What are the Top 5 cause for anemia?
Anemia is a condition in which the body does not have enough red blood cells or hemoglobin to transport oxygen to the body's tissues. Some of the top causes of anemia include:
- Iron deficiency: This is the most common cause of anemia. Iron is essential to produce hemoglobin, which carries oxygen in the blood. When there is not enough iron in the body, the bone marrow cannot produce enough hemoglobin and red blood cells.
- Vitamin deficiency: Deficiencies in vitamins like vitamin B12 and folate can lead to anemia. These vitamins are necessary to produce red blood cells, and a deficiency can interfere with the process.
- Chronic disease: Certain chronic diseases like cancer, kidney disease, and rheumatoid arthritis can interfere with the body's ability to produce red blood cells and lead to anemia.
- Blood loss: Significant blood loss due to injury, surgery, or heavy menstrual bleeding can cause anemia. Blood loss can reduce the number of red blood cells in the body and lower hemoglobin levels.
- Genetics: Some genetic conditions like sickle cell anemia and thalassemia can cause anemia. These conditions affect the production and lifespan of red blood cells, leading to a shortage of healthy red blood cells in the body.
How does EPO work in the Bone Marrow?
EPO works by binding to specific receptors on the surface of erythroid progenitor cells, which are immature red blood cells that are produced in the bone marrow.
When EPO binds to its receptor on erythroid progenitor cells, it activates a signaling pathway that promotes the survival, proliferation, and differentiation of these cells into mature red blood cells. This process is known as erythropoiesis.
EPO also stimulates the release of reticulocytes, which are immature red blood cells that have left the bone marrow and are circulating in the bloodstream. These reticulocytes then mature into fully functional red blood cells, which transport oxygen from the lungs to the body's tissues.
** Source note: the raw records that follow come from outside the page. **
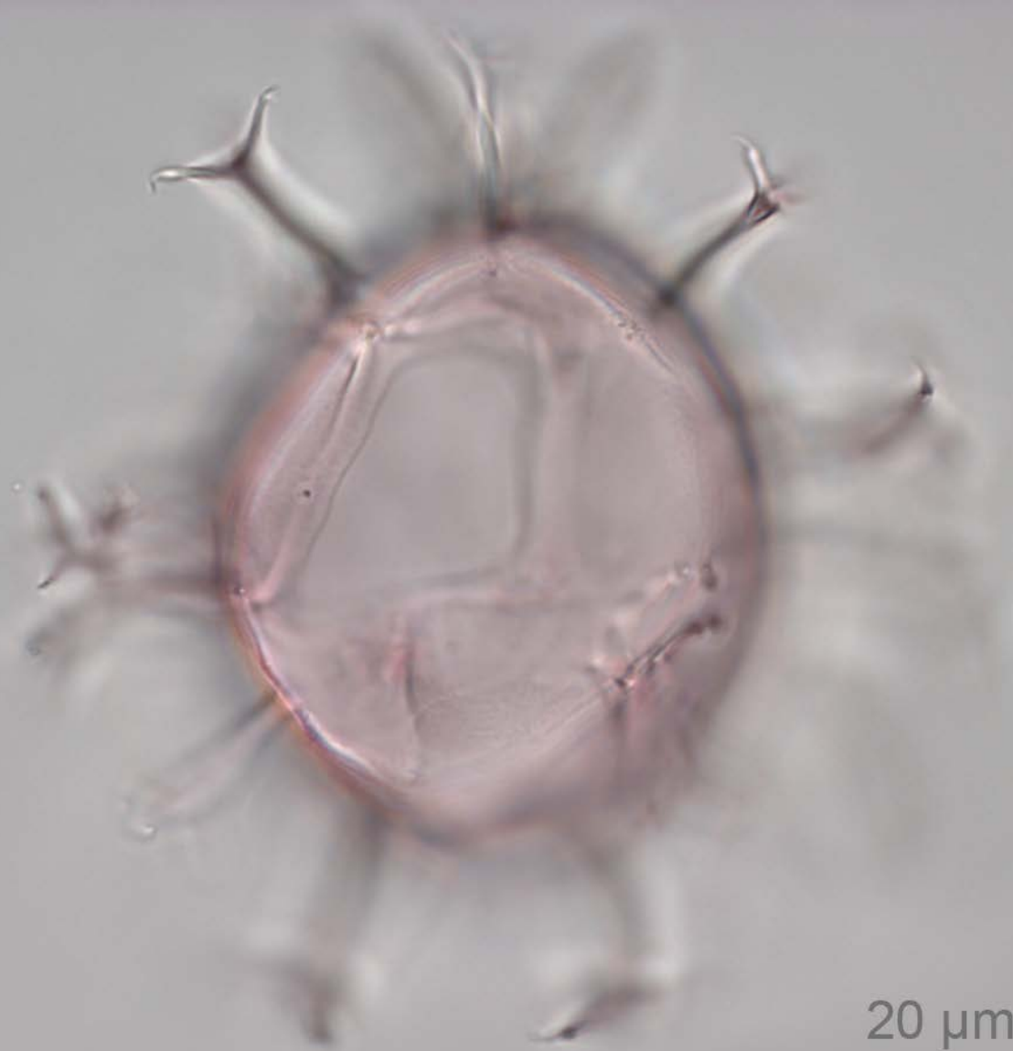
Spiniferites rhizophorus Head in Head et Westphal, 1999 : holotype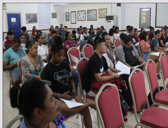
FSA meeting with students at PCC Assembly Hall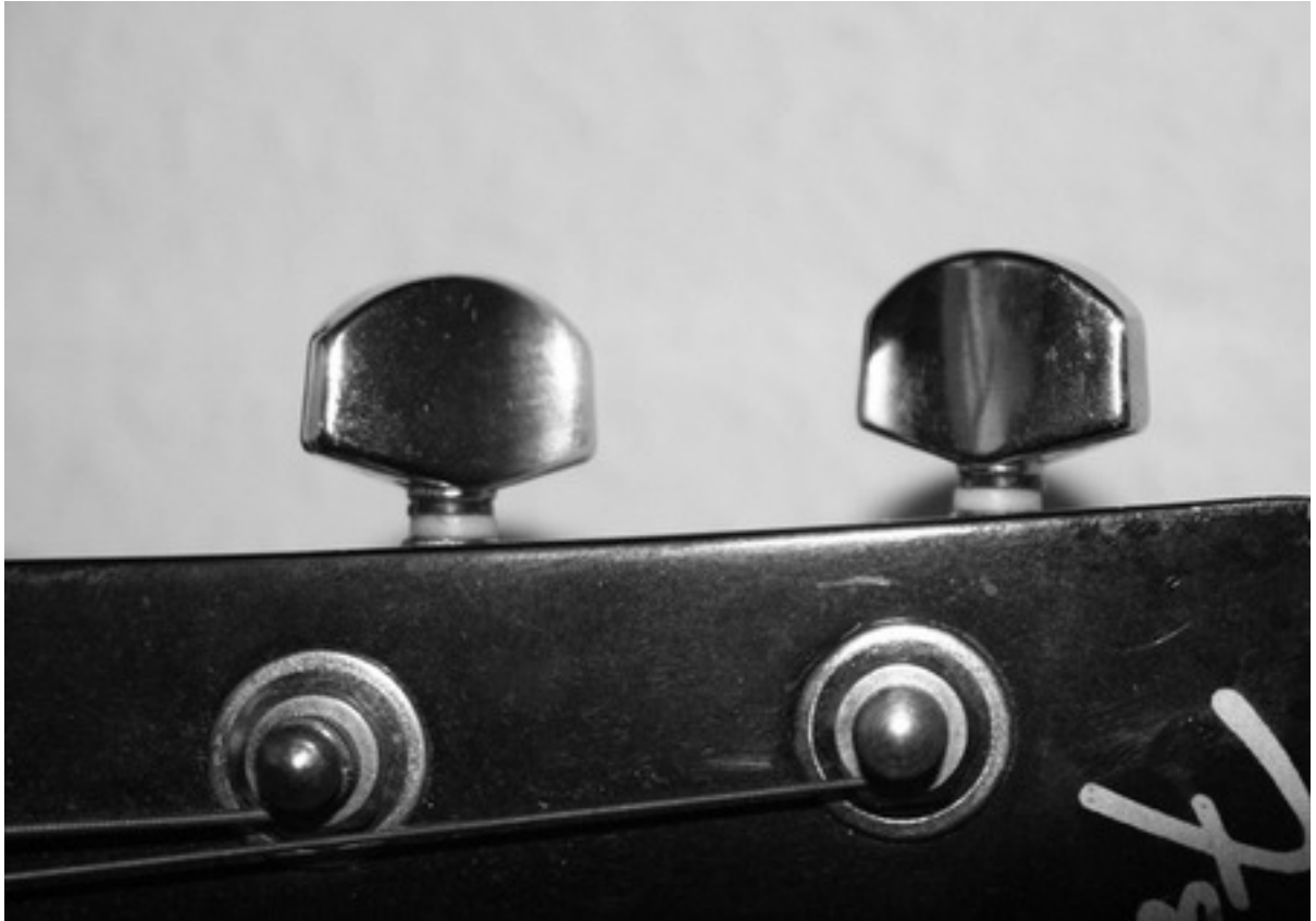
Left-twist by VIC Dessau

In summary, EPO works by binding to erythroid progenitor cells in the bone marrow, promoting their survival, proliferation, and differentiation into mature red blood cells, and stimulating the release of reticulocytes into the bloodstream. This process helps to maintain adequate levels of oxygen-carrying red blood cells in the body.
Since the kidneys is the EPO production source, how does dehydration affect EPO production?
Dehydration can have an impact on the production of erythropoietin (EPO), which is a hormone that regulates the production of red blood cells in the body.
When the body becomes dehydrated, the volume of blood decreases, and the concentration of red blood cells in the blood increases. This increased concentration of red blood cells can lead to a reduction in the production of EPO because the kidneys, which are responsible for producing EPO, sense that there are already enough red blood cells in circulation.
Dehydration can also lead to a decrease in blood flow to the kidneys, which can further reduce EPO production. Without sufficient EPO, the bone marrow cannot produce enough red blood cells to maintain normal oxygen delivery to the body's tissues, and this can lead to symptoms of anemia, including fatigue, weakness, and shortness of breath.
In summary, dehydration can reduce EPO production, which can lead to a decrease in the number of red blood cells and ultimately cause symptoms of anemia. It is essential to maintain proper hydration to support normal EPO production and ensure adequate oxygen delivery to the body's tissues. Maintaining adequate; to higher, levels of Iron may increase red blood cell activity and replication, ensuring higher blood oxygenation for maximum performance.